## TASK ITEM
The listing, minus its pictures, is to be given again exactly.

## GIVEN INFORMATION
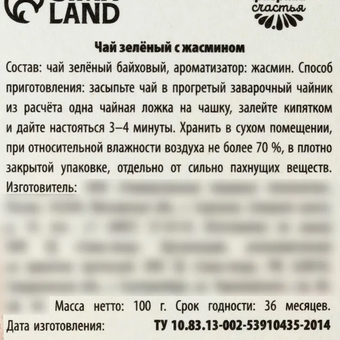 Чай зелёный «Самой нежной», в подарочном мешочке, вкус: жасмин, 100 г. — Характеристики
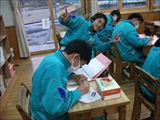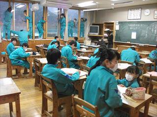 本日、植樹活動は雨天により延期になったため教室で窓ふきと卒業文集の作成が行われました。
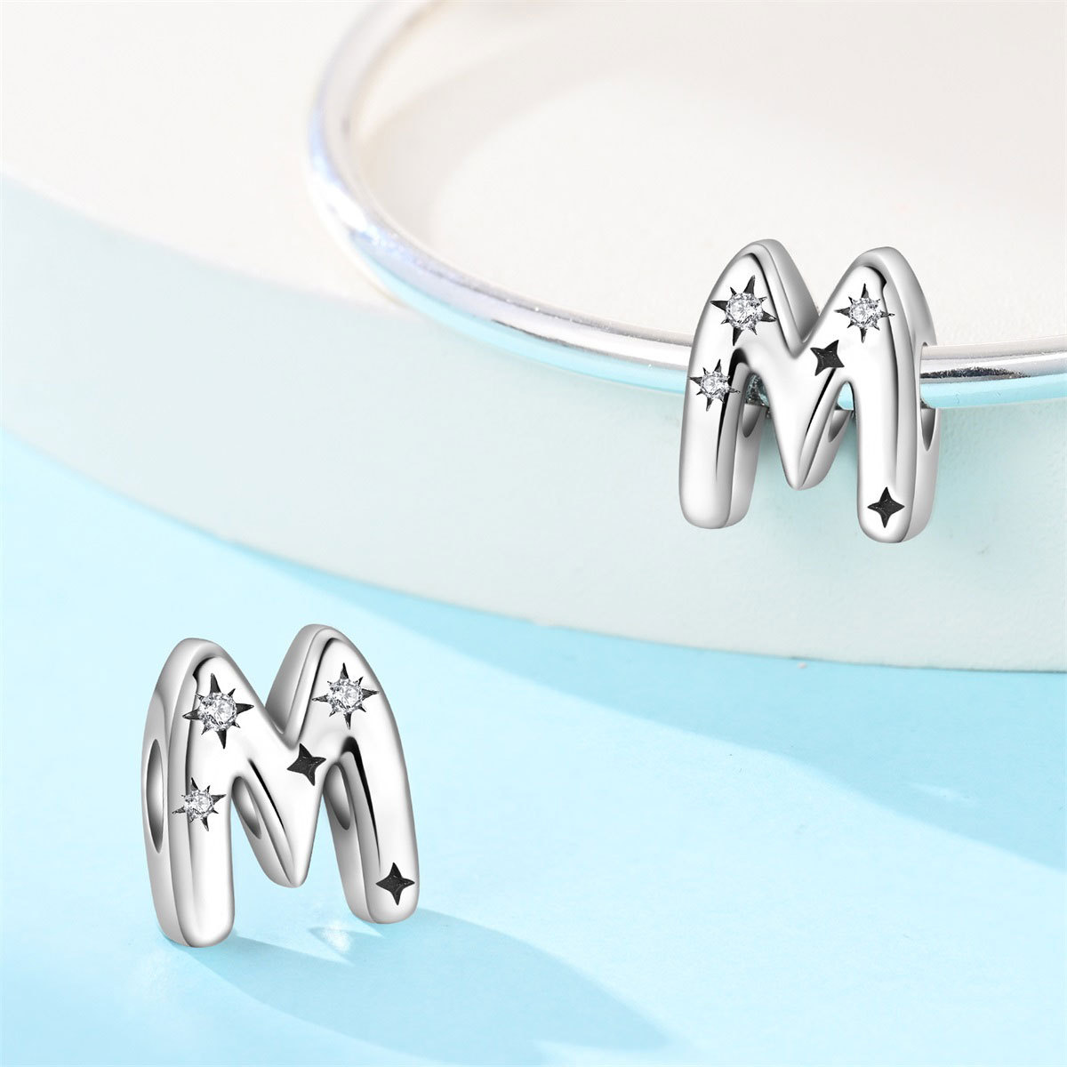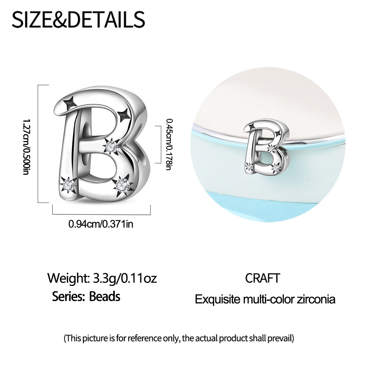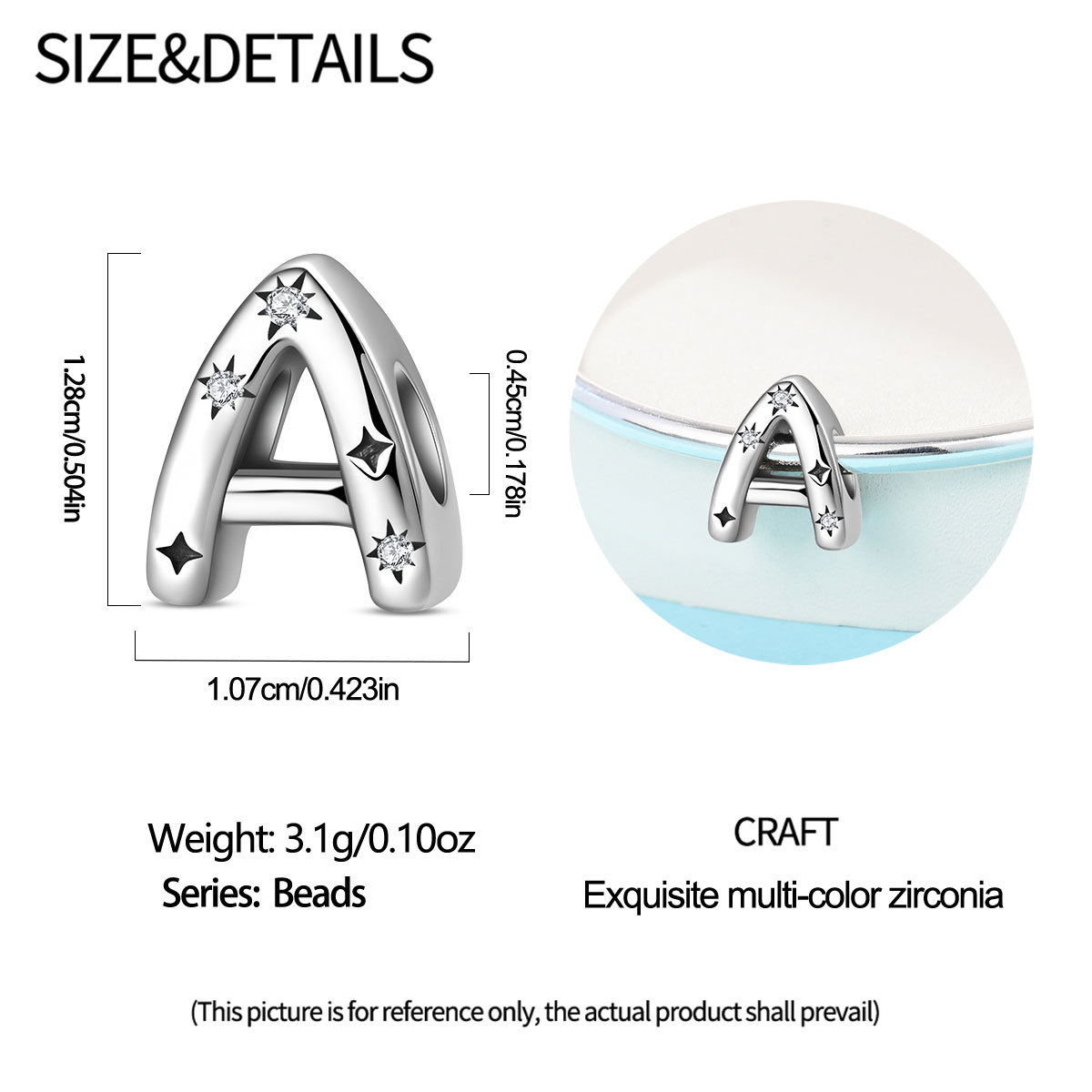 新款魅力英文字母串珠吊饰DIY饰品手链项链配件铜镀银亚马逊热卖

## WRITTEN REPLY
 Чай зелёный «Самой нежной», в подарочном мешочке, вкус: жасмин, 100 г. — Характеристики
 本日、植樹活動は雨天により延期になったため教室で窓ふきと卒業文集の作成が行われました。
 新款魅力英文字母串珠吊饰DIY饰品手链项链配件铜镀银亚马逊热卖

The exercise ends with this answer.